All that is wanted is the exact text of the lines below from the one with "Colourfull soap bars" through the one with "Жувальні таблетки Zoetis", inclusive, minus any pictures.

─── Data supplied ───

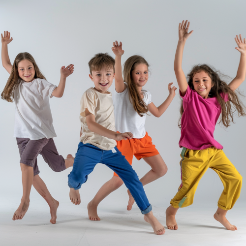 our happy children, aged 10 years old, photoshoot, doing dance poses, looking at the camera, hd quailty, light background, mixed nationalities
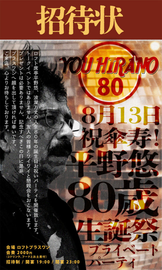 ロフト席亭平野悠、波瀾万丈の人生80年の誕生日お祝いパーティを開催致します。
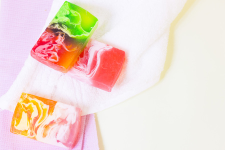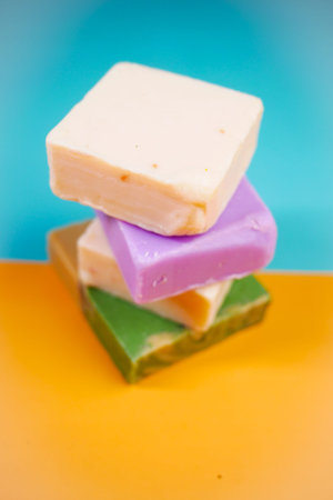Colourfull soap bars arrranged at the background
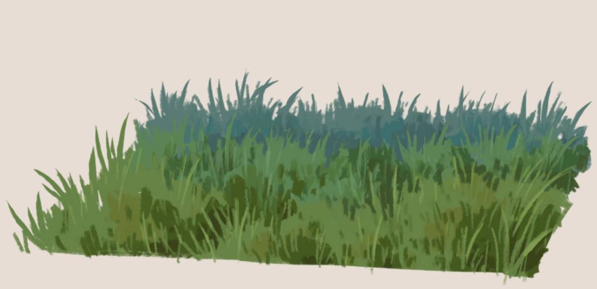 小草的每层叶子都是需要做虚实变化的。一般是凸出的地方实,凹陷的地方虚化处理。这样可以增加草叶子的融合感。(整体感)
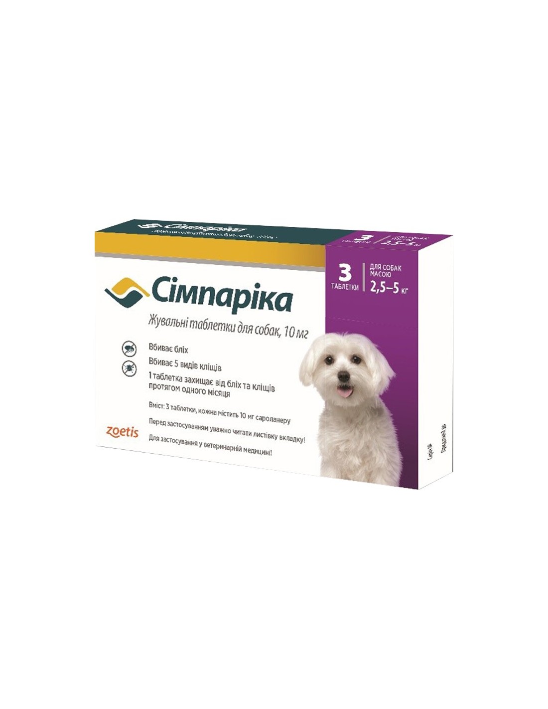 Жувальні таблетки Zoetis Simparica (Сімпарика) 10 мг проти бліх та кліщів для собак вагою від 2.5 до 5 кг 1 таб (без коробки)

───
─── Data supplied ───

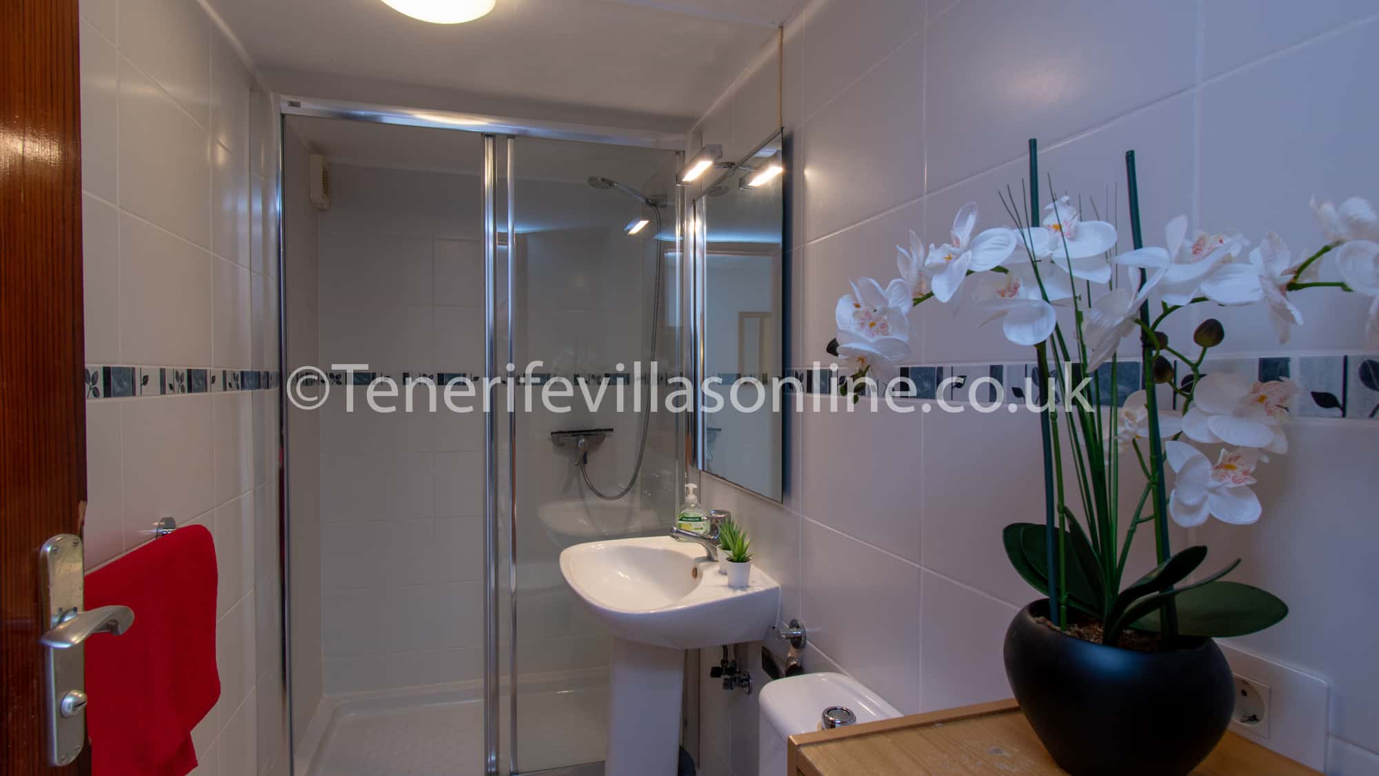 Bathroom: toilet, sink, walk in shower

───

**Exercise output:**
Colourfull soap bars arrranged at the background
 小草的每层叶子都是需要做虚实变化的。一般是凸出的地方实,凹陷的地方虚化处理。这样可以增加草叶子的融合感。(整体感)
 Жувальні таблетки Zoetis Simparica (Сімпарика) 10 мг проти бліх та кліщів для собак вагою від 2.5 до 5 кг 1 таб (без коробки)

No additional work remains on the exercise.